Metis Seen Through the Eyes of… Journalists’ Comments and Controversies
Metis has made the news many times in the last two centuries. Disasters, shipwrecks, fatal accidents, dramatic rescues and tragic fires were guaranteed to make the headlines. The occasional earthquake and sighting of a sea serpent was shared with readers across the continent. A thief in 1918 made the headlines not so much for her thievery but because of the deception that masked her true identity. The dramatic 1930 murder of Kenneth Macnider Burke also generated horrified headlines.

The cartridges from the spent bullets that killed Kenneth Macnider Burke are preserved in the collection of Bibliothèque et Archives nationales du Québec in Rimouski.

One of the most impressive summer homes in Metis is Birchcliffe, the impressive summer residence built for a member of the Molson family to the design of architect Robert Findlay.
Journalists have a special talent to pique our curiosity and ignite a debate.
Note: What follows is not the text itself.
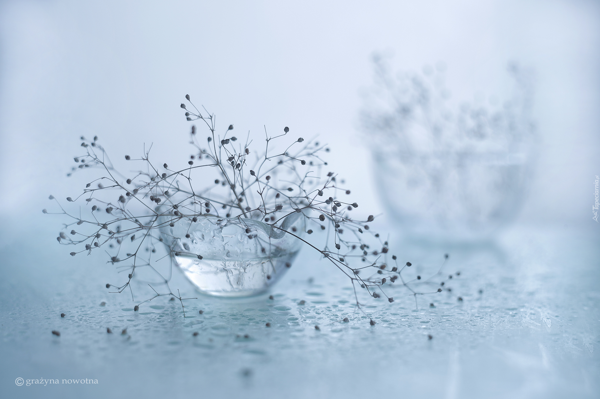 Edytor tapety: Szklany wazonik z suchą roślinką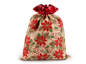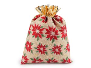 Dárkový pytlík se třpytivým potiskem vánočního motivu je ideální dekorací na Vánoce.

In recent years the community has been the subject of articles that have sought to explain the special character of Metis and this very distinct society. Not an easy task, and one that has fostered debate and even kindled a bit of controversy.
No article came close to the stir caused in 2012 when the popular anthropologist and Radio-Canada host Serge Bouchard wrote a Québec Science column that he provocatively titled “I went to Les Boules, in the Gaspésie. Why would I stop in Les Boules, you ask?” A strong rebuttal from resident author Stéphanie Pelletier prompted Bouchard to write a second article “Pardon aux Boules”, apologizing for some of his language and explaining what had led him to use Les Boules as a symbol of the ugliness of the Quebec landscape.
Comments by journalists illustrate their value as chroniclers of time and space. Without them, where would we be? It is always however wise to remember the adage, Caveat lector, ‘reader beware’.